The Federal Reserve is the most powerful financial institution in the world. Federal funds rate, quantitative easing, FOMC, dual mandate, open market operations: these terms unlock your understanding of why interest rates rise and fall and what it means for your money.

The Fed's Dual Mandate: Inflation and Employment

Congress gave the Federal Reserve two primary objectives: (1) maximum sustainable employment and (2) stable prices (approximately 2% annual inflation). These goals often conflict. Lowering unemployment requires stimulation that risks higher inflation. Fighting inflation requires slowing the economy, risking higher unemployment. Between 2020 and 2023, the Fed prioritized employment recovery through near-zero rates, then pivoted to fight inflation with the fastest rate hike cycle since the 1980s — raising rates from 0-0.25% to 5.25-5.50% in 16 months.

How the Fed Moves Interest Rates: The Federal Funds Rate

The federal funds rate is the interest rate at which banks lend reserve balances to each other overnight.
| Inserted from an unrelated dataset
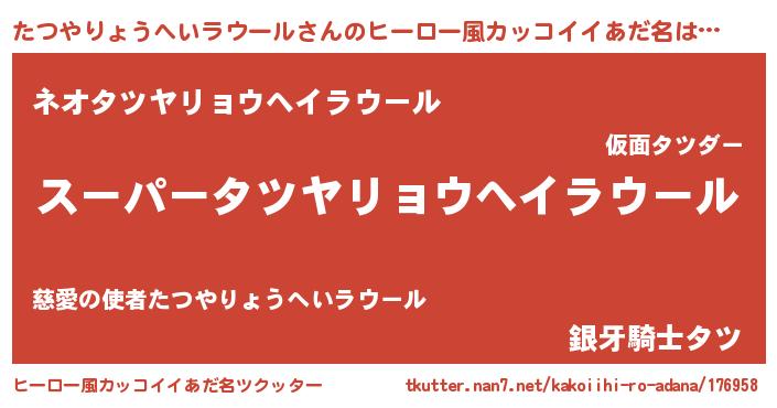 | 男性向けラノベタイトル風あだ名 | 『たつやりょうへいラウールの憂鬱』 |

The Fed sets a target range and uses open market operations — buying and selling US Treasury securities — to keep the actual rate within that range. When the Fed buys Treasuries, it injects money into the banking system, pushing rates down. The federal funds rate is the anchor of all US interest rates, directly influencing savings account rates, credit card APRs, and — with a lag — mortgage rates and GDP growth.

Quantitative Easing and Tightening: The Fed's Unconventional Tools

Quantitative Easing (QE) is the Fed's tool when the federal funds rate approaches zero. The Fed purchases Treasury bonds and mortgage-backed securities from banks, injecting money into the financial system and lowering long-term rates. The Fed expanded its balance sheet from $900 billion in 2008 to $8.9 trillion by 2022 through four QE programs. Quantitative Tightening (QT) is the reverse — allowing bonds to mature without reinvestment or actively selling securities, shrinking the money supply.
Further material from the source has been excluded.